The naming and classification of microbial life

The naming and classification of microbial life is a necessity to fully understand the various forms microbes consist of. The current system of using binomial nomenclature for organisms had originated from the publication of Species Plantarum, a work of Carolus Linnaeus, a Swedish botanist of the eighteenth century. Linnaeus provided a naming and classification system that had grouped organisms based on characteristic similarity. He grouped organisms that could interbreed successfully into categories known as species. He had grouped species into genera, genera were grouped into families, families were grouped into orders, orders were grouped into classes, classes were grouped into phyla, and phyla were grouped into kingdoms. The name of an organism using Linnaeus’ system consisted of a genus name that was always a noun, and a specific epithet.

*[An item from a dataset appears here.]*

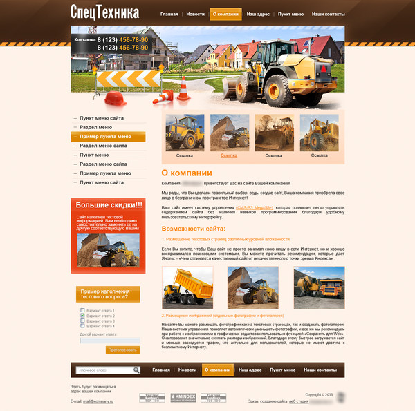Шаблон (№32542) для сайта тематики "Спецтехника, запчасти". Номер шаблона 32542. Обратитесь за подробностями к нашим специалистам.
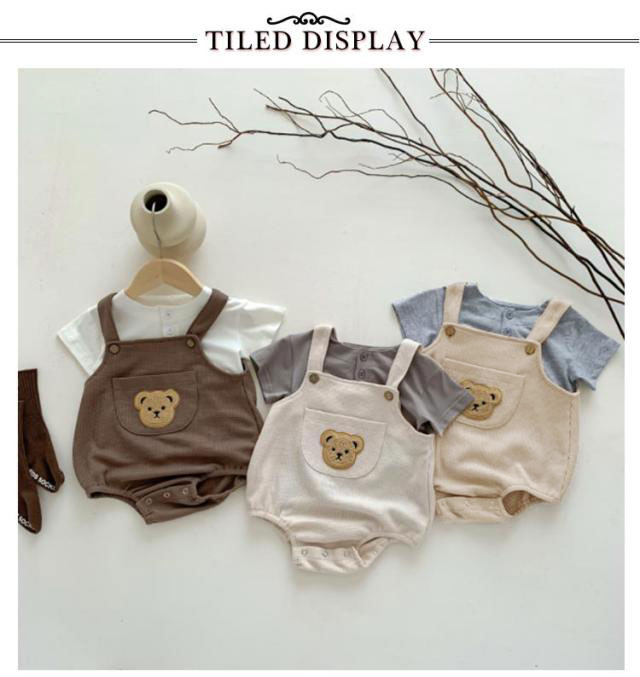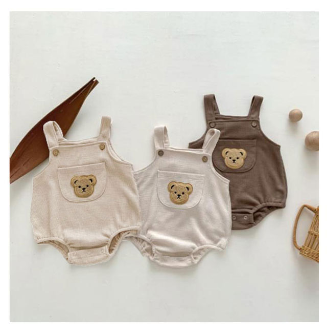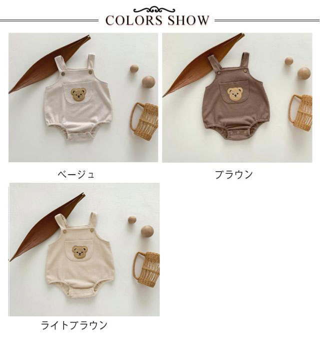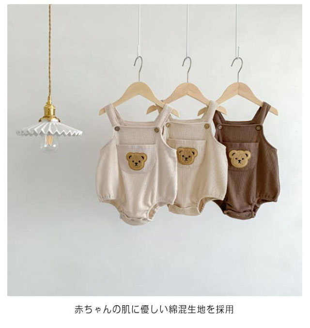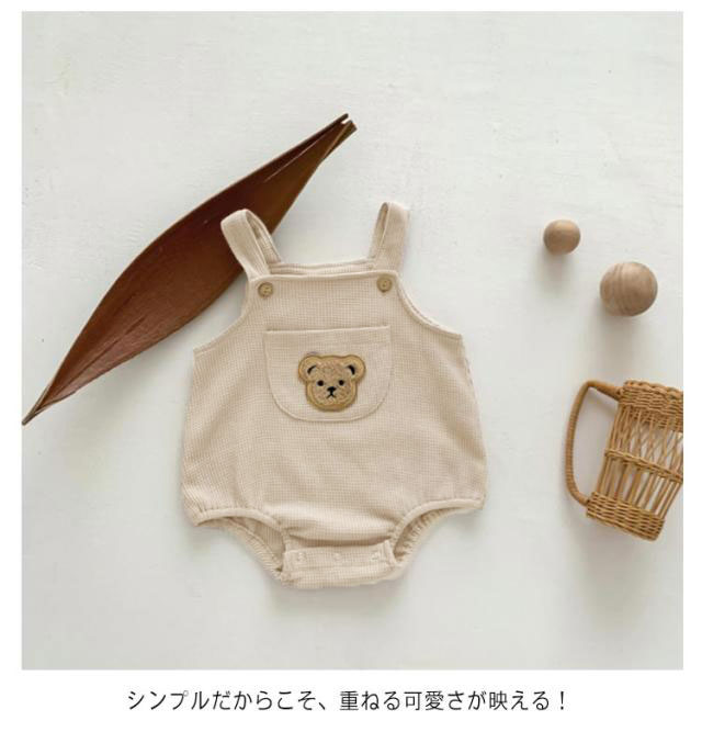 | ポッケト付き くま刺?サロペット シンプルだからこそ、重ねる可愛さが映える! 存在感バツグンのクマちゃんワッペンが 赤ちゃんの肌に優しい綿混生地を採用 | |

This form of using two words to classify an organism was known as binomial nomenclature. Other scientists who are responsible for the current taxonomic rules used today are Carl Woese and George Fox. As biochemical tests and morphology had not provided enough information to classify organism fully, Woese and Fox had sequenced the nucleotides of small subunits of ribosomal RNA, or rRNA, to better understand the relationships between different organisms. As rRNA molecules are present in all cells and are a key component protein synthesis, changes in their nucleotide sequences are presumably very rare. In 1976, Fox and Woese had sequenced the rRNA of an odd group of prokaryotes that had produced methane gas as metabolic waste. This characteristic made these organisms unlike other prokaryotic or eukaryotic organisms. This led to the use of the taxon Domain, which contained the Linnaean taxa of kingdoms. The three domains identified by Woese and Fox were Eukarya, bacteria, and Archaea.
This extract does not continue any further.